## Provided records
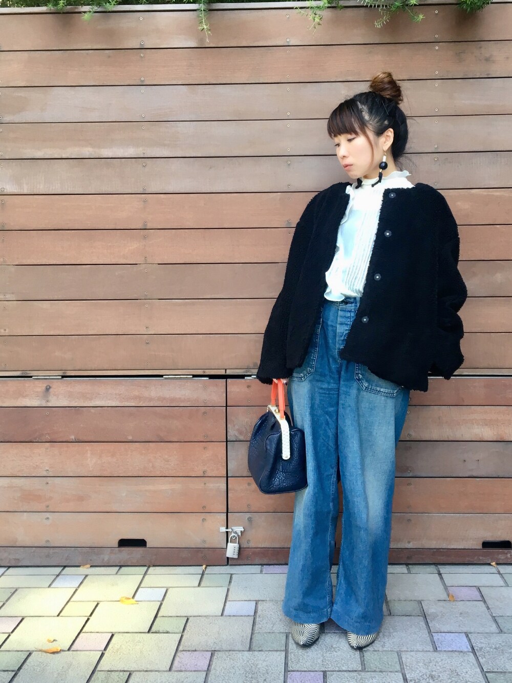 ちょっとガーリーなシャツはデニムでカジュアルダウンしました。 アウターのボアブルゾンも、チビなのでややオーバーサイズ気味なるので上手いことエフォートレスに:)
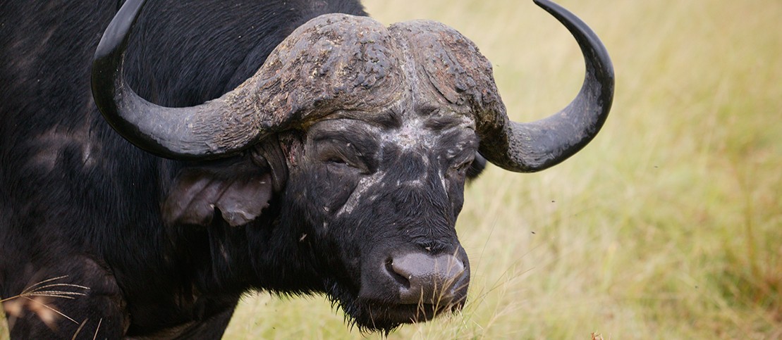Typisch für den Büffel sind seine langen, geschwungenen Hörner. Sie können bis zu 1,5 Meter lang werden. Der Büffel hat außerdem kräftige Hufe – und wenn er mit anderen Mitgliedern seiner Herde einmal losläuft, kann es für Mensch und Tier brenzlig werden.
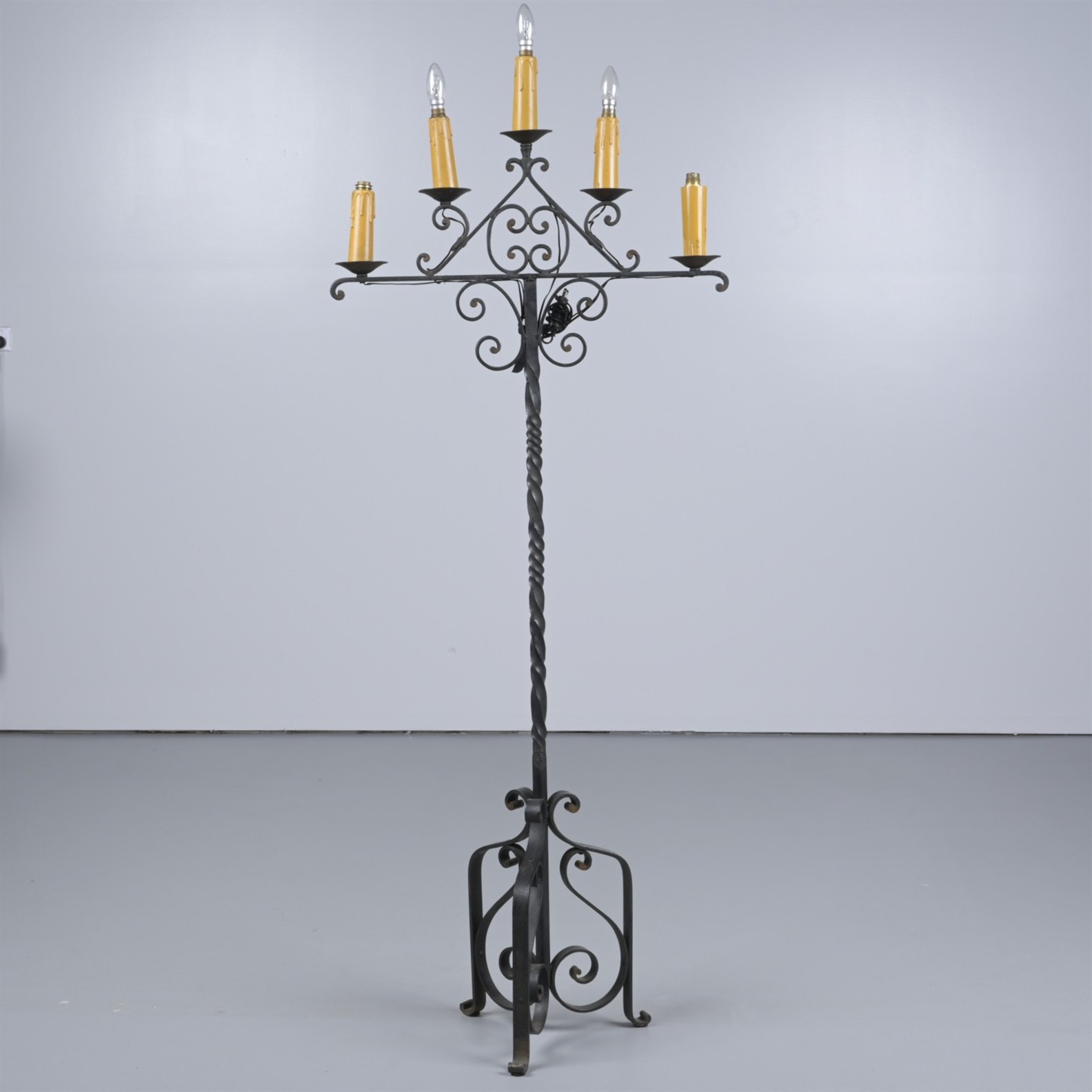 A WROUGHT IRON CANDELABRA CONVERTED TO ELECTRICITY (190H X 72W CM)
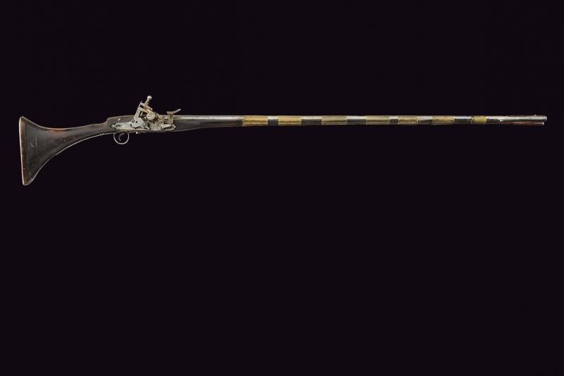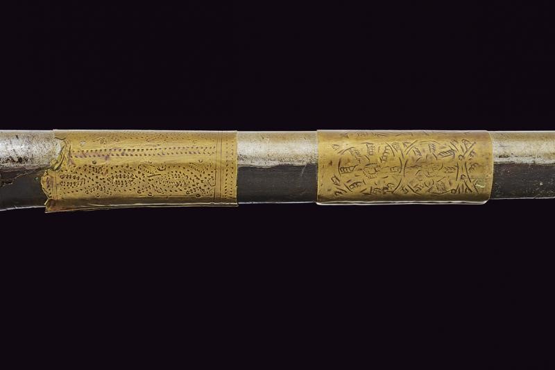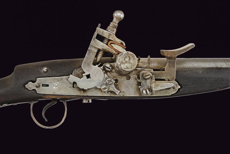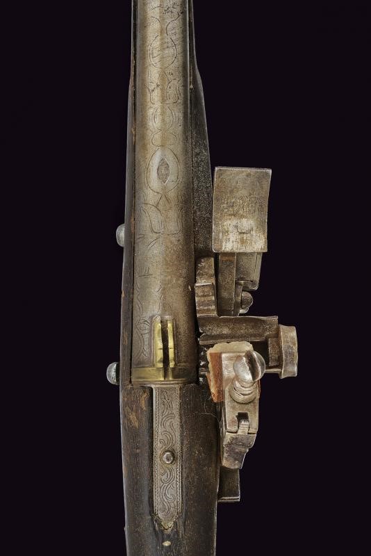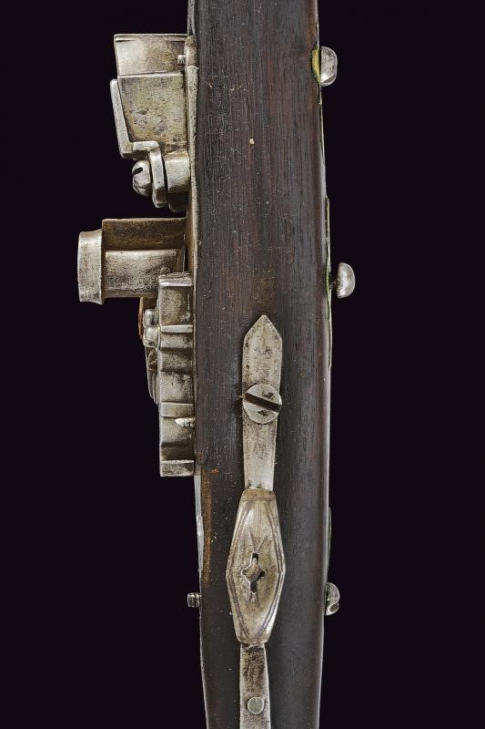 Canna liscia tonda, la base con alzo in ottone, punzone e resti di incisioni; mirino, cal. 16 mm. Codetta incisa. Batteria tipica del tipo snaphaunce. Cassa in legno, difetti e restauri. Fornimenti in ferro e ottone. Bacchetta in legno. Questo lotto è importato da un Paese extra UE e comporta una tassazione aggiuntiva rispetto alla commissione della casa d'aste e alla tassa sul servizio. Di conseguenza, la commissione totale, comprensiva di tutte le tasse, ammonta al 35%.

...

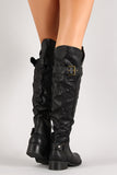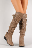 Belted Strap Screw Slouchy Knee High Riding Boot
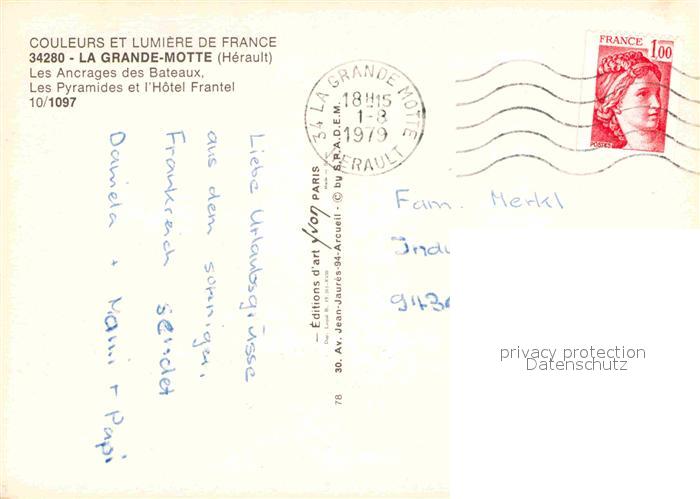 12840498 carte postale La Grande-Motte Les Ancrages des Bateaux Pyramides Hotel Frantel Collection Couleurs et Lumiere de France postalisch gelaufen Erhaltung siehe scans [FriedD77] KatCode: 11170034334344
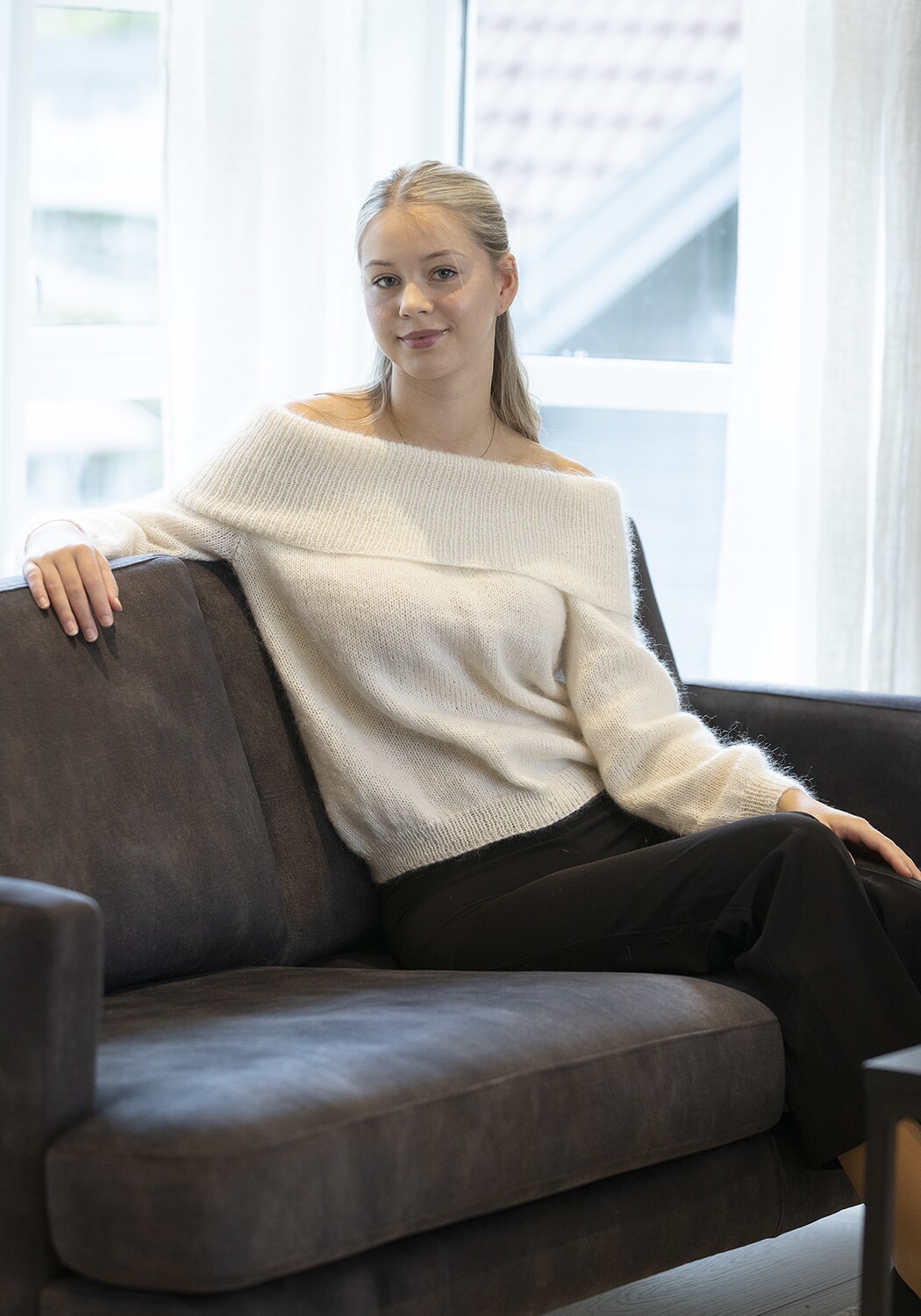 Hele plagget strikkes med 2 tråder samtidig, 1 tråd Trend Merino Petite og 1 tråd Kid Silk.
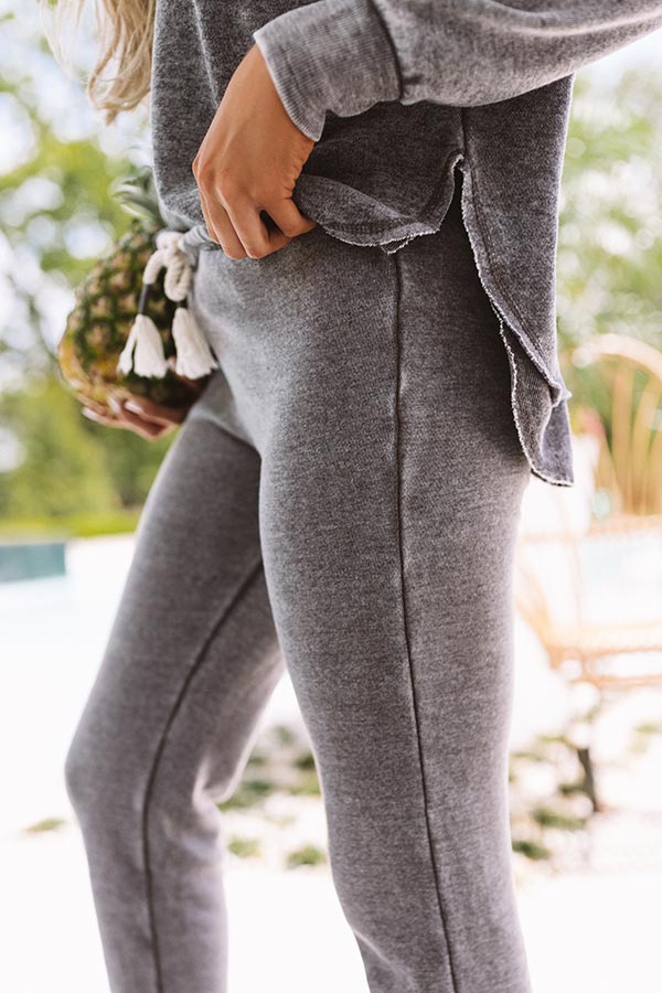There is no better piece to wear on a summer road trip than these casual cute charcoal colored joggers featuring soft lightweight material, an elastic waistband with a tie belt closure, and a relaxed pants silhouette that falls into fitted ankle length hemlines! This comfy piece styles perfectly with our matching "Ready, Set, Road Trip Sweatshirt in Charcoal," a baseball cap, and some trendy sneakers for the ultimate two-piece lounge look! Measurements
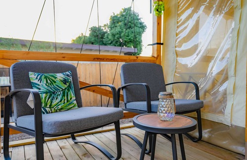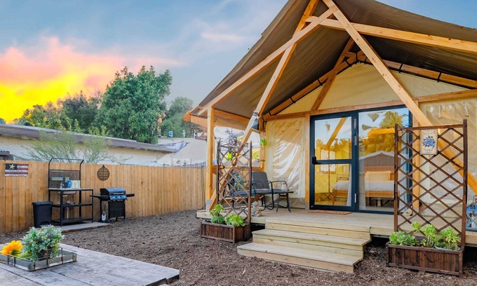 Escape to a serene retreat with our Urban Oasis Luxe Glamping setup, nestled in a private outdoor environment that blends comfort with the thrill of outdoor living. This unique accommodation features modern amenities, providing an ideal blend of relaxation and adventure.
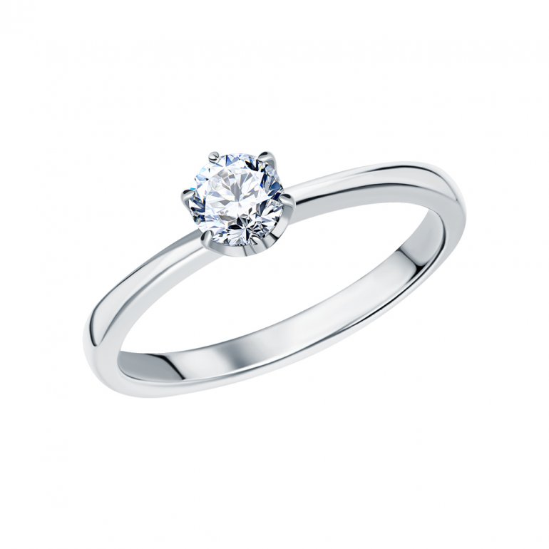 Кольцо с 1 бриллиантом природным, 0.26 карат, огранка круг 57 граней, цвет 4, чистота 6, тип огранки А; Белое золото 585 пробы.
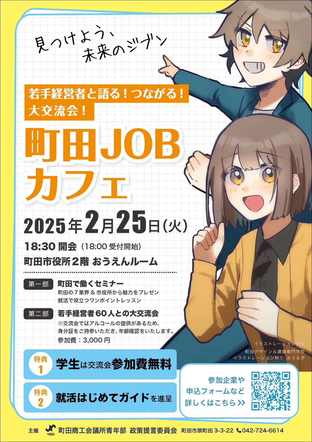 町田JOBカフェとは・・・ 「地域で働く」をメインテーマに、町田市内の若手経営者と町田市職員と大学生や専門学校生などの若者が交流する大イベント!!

## Your assignment
The reply should hold exactly the lines above, starting at the line with "Hele plagget strikkes" and ending at the line with "Escape to a", and no pictures.

## Exercise result
 Hele plagget strikkes med 2 tråder samtidig, 1 tråd Trend Merino Petite og 1 tråd Kid Silk.
There is no better piece to wear on a summer road trip than these casual cute charcoal colored joggers featuring soft lightweight material, an elastic waistband with a tie belt closure, and a relaxed pants silhouette that falls into fitted ankle length hemlines! This comfy piece styles perfectly with our matching "Ready, Set, Road Trip Sweatshirt in Charcoal," a baseball cap, and some trendy sneakers for the ultimate two-piece lounge look! Measurements
 Escape to a serene retreat with our Urban Oasis Luxe Glamping setup, nestled in a private outdoor environment that blends comfort with the thrill of outdoor living. This unique accommodation features modern amenities, providing an ideal blend of relaxation and adventure.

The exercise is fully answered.